• [DATA SHOWN]:
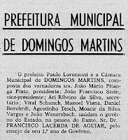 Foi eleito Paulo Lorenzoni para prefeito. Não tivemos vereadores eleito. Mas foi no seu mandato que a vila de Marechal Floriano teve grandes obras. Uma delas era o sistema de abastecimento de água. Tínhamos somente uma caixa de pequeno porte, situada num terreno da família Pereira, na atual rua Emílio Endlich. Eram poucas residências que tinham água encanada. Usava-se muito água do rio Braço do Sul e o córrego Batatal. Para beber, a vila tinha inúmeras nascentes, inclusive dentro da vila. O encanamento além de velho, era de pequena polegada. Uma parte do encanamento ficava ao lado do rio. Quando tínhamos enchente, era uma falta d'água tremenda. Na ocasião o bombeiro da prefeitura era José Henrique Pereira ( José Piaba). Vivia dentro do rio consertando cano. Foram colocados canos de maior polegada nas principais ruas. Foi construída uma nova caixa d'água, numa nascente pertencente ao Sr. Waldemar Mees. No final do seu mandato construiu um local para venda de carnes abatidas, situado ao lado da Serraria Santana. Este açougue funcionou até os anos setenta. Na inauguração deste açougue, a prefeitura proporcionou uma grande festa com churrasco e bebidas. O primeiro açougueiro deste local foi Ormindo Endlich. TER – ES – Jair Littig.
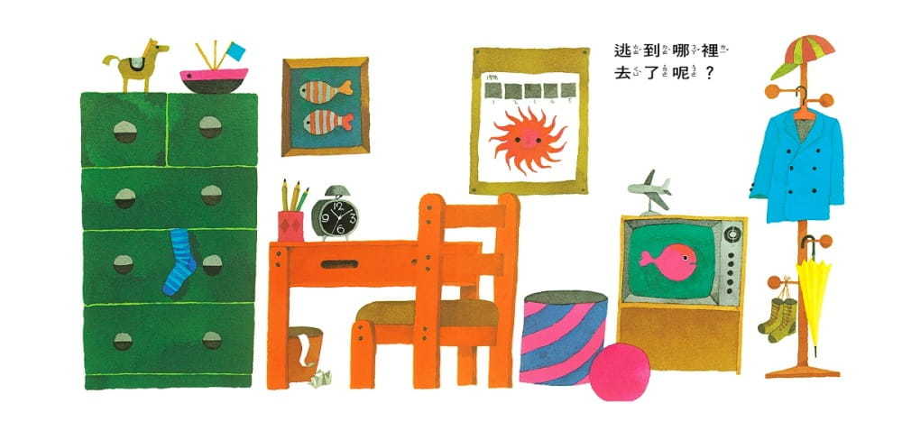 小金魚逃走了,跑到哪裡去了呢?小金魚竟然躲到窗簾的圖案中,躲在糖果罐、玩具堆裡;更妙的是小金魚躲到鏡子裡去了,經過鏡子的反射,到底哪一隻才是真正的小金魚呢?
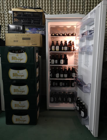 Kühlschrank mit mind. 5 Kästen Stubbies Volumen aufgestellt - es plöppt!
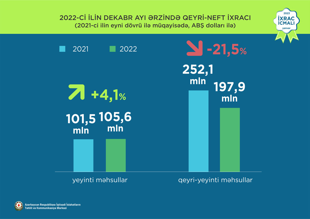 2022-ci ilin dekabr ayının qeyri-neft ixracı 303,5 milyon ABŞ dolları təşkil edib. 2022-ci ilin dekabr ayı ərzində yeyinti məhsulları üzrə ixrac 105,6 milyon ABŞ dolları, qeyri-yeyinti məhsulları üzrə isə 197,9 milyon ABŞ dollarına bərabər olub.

...

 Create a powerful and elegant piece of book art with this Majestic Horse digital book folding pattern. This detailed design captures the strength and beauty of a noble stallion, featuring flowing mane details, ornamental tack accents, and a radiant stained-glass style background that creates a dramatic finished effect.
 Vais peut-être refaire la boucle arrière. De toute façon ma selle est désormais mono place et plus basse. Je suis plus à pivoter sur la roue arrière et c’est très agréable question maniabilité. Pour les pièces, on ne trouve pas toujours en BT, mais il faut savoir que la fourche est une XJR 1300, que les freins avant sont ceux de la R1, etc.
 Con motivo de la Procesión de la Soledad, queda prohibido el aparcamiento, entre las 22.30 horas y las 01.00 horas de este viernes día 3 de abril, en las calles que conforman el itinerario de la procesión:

• [PROBLEM TO SOLVE]: Look above for the line containing "Kühlschrank mit mind.", then copy exactly from it through the line containing "2022-ci ilin dekabr ayının", keeping both and leaving out pictures. Add nothing else.

• [SOLUTION BELOW]:
 Kühlschrank mit mind. 5 Kästen Stubbies Volumen aufgestellt - es plöppt!
 2022-ci ilin dekabr ayının qeyri-neft ixracı 303,5 milyon ABŞ dolları təşkil edib. 2022-ci ilin dekabr ayı ərzində yeyinti məhsulları üzrə ixrac 105,6 milyon ABŞ dolları, qeyri-yeyinti məhsulları üzrə isə 197,9 milyon ABŞ dollarına bərabər olub.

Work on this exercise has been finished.